The newest part of Haikou happens to be its oldest, with its decades-long wear and tear stripped away and its former glory re-emerging.


A grid formed by five streets, with about 200 sotto portico buildings occupying 25,000 square meters, is being renovated, one street at a time. Like the proverbial phoenix rising from the ashes, this district is soon to be the brightest spot when it dusts off long years of neglect.


Haikou, capital of Hainan province, was first built in the late 14th century to fend off marauding pirates. It was encircled by a 1,850-meter wall that is 5.7 meters tall and 5 meters thick with four gates and many towers.


In 1924, the wall was torn down to make room for commercial development and urban expansion. A hub gradually took shape as winding streets were lined up with shops, hotels and all kinds of retail venues. It was mostly the result of investment poured in from Chinese expatriates who had made money overseas and wanted to explore opportunities back home.


Many of them had been working and living in Southeast Asia, known as Nanyang in Chinese. The architectural style they chose was reminiscent of the prevalent style in Nanyang, which is a form of East-meets-West called qilou, or sotto portico as preferred by bilingual publicity brochures of the Haikou government.


Actually, qilou, with its most distinctive touch from Spanish or Italian architecture, has more than two styles. It is a fusion of European, Chinese, Indian and even Arabian architectural elements. A qilou facade may give the first impression of being exotic, but on closer examination may contain many Chinese motifs such as engraved dragons and phoenixes and auspicious flowers. But above all, qilou has a columned and covered porch available to all pedestrians. It provides shelter from the elements and effectively functions as a sidewalk during frequent rains. At the same time, the space is fully utilized with merchandise spilling out from the stores proper to attract impulse purchases.


A five-story building on Deshengsha Street was a landmark when it was erected in 1935. For the ensuing 26 years, it was the tallest building in Haikou, and also a luxury hotel that attracted the local high society and visiting dignitaries with its entertainment attractions including ballroom dancing, movie screening and coffee shops. It was built by Wu Kunnong, whose father made his fortune in Saigon, Vietnam, now known as Ho Chi Minh City. Much of the building materials were shipped from overseas.


Overseas Chinese not only brought back exotic architectures, but also lifestyle options such as coffee and tea. The teashop is said to be an invention of the forebears from Nanyang. It gained in popularity to the point it has now turned into a local ritual – with people, young and old, congregating in teashops and chatting for as long as a whole day. "We have a slower pace of life here," says one Haikou youngster whose greeting is "Come to tea with me." And now this form of relaxation is affectionately called "old daddy’s tea".


Many cafes and teashops are now revived. Coffee connoisseurs should take time to sample the local brews as Hainan is famous for some of the best coffee beans in China. They taste different from the name brands popularly available in supermarkets. But you may grow to love their special aroma and buy packets of the instant kind as souvenirs for your friends.


There are also traditional temples nestled among the busy shops.
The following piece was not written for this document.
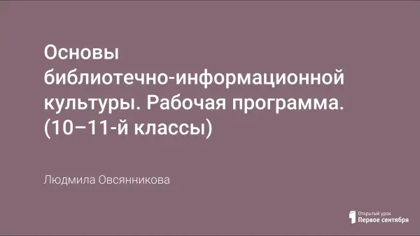 Основы библиотечно-информационной культуры. Рабочая программа. (10–11-й классы)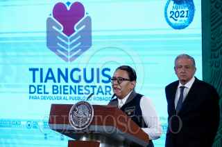 CIUDAD DE MÉXICO, 13AGOSTO2021.- Andrés Manuel López Obrador, presidente de México. en compañía de: Rosa Icela Rodríguez, secretaria de Seguridad y Protección Ciudadana; Luis Cresencio Sandoval, secretario de la Defensa Nacional; Roberto Salcedo Aquino, secretario de la Función Pública; Rogelio Ramírez de la O, secretario de Hacienda y Crédito Público; Delfina Gómez, secretaria de Educación Pública; Alejandro Esquer Verdugo, secretario particular del presidente; Luis Rodríguez Bucio, comandante de la Guardia Nacional; Raquel Buenrostro, jefa del Servicio de Administración Tributaria (SAT); Luis Bárcenas Vázquez, director corporativo de Administración y Liquidación de Activos del INDEP, y César Iván Escalante, coordinador operativo del nuevo programa “Tianguis del Bienestar”, presentaron este nuevo proyecto que tendrá como objetivo el entregar artículos decomisados que no formen parte de una investigación judicial a municipios en extrema pobreza. FOTO: GALO CAÑAS/CUARTOSCURO.COM

One is dedicated to a legend who purportedly lived 1,500 years ago and was remembered for her management of the jurisdiction. People call her "Madam Xian" and she is said to have used her supernatural powers in the mid-19th century to drive away pirates. More accurately, it was her statue that exuded that power. And now, every spring, people would come to her temple to pray for peace.


"These old streets are Haikou’s biggest cultural legacy," says Zhao Aihua, deputy director of the organization responsible for preserving historic Haikou. They were rundown and most turned into hardware stores in recent decades. "While other cities tore down their dilapidated buildings, we did not have the money for it, which turned out to be a blessing in disguise. We did not awake to a sense of heritage protection until after the year 2000."
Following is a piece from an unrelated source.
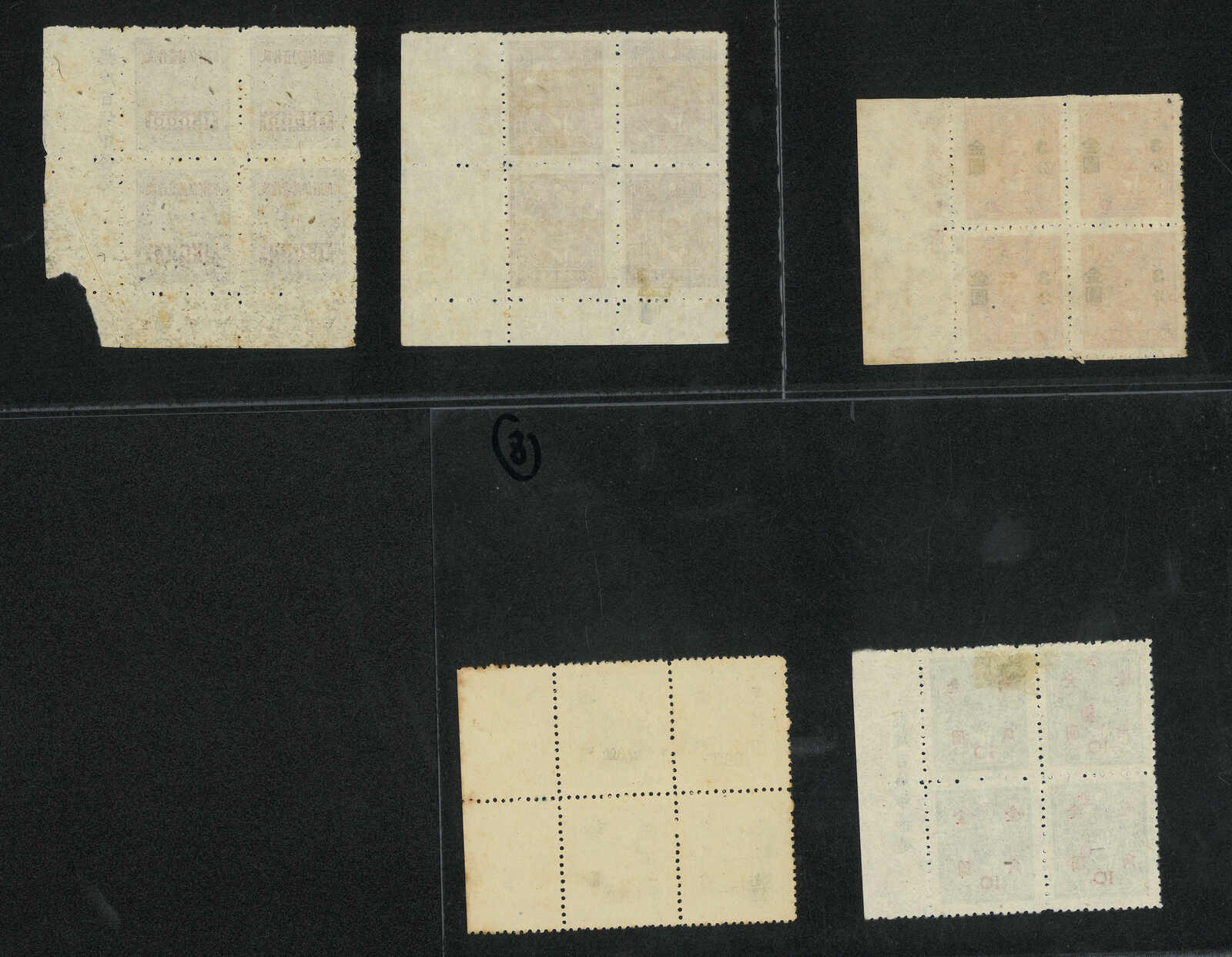 468 */bof image1944-1948 a collection of Paicheng Print SYS unovpt, surch CNC and surch Gold Yuan issues in block fo 4 with right imprint margin. MNH/MLH without gum as issued.

The pace of renovation was unhurried. "We did only one-and-a-half streets in three years, and some people were impatient. We want to get it right rather than get it fast. That is the responsible way of handling this historical site," explains Zhao. For example, experts were hired to find out the original colors of the walls and only old materials and old craftsmanship were employed to ensure authenticity.


"Every street in the district will have a museum, which will be free to all visitors," adds Zhao. All this requires 550 million yuan in government spending, and the overall cost is even higher, about 4 billion yuan. But as the district regains its former splendor, locals are rediscovering it as if it’s the lost soul of the city, and a sense of pride wells up as they walk down the pedestrian-only streets.